# DIRECTIONS FOR THIS TASK
The lines from the one holding "Из узких полос" to the final line of the listing below are to be duplicated exactly, with both ends included and pictures omitted.

# DATA SHOWN
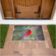 Un cardinal rouge et enjoué perché dans les bois envoie un accueil de bienvenue, sur un tapis de porte robuste.
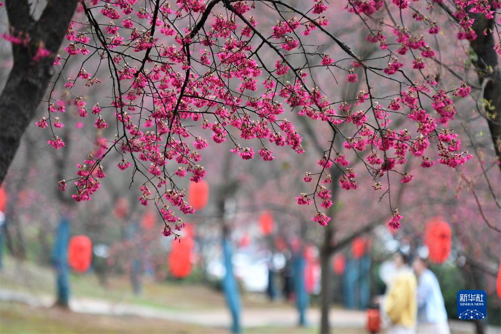 2月16日,游客在湖南省郴州市桂陽(yáng)縣櫻花園賞花。
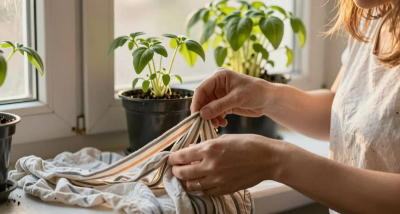 Из узких полос простыни можно сделать мягкие подвязки для растений на балконе или даче. Они бережно фиксируют стебли и не пережимают их, в отличие от жёсткой верёвки.
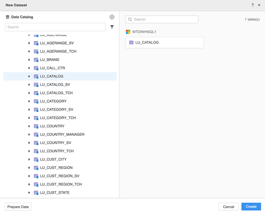 - [新しいデータセット] ウィンドウで、データ カタログのデータ ソースを選択し、新しいデータセットを選択します。

# WRITTEN RESPONSE
 Из узких полос простыни можно сделать мягкие подвязки для растений на балконе или даче. Они бережно фиксируют стебли и не пережимают их, в отличие от жёсткой верёвки.
 - [新しいデータセット] ウィンドウで、データ カタログのデータ ソースを選択し、新しいデータセットを選択します。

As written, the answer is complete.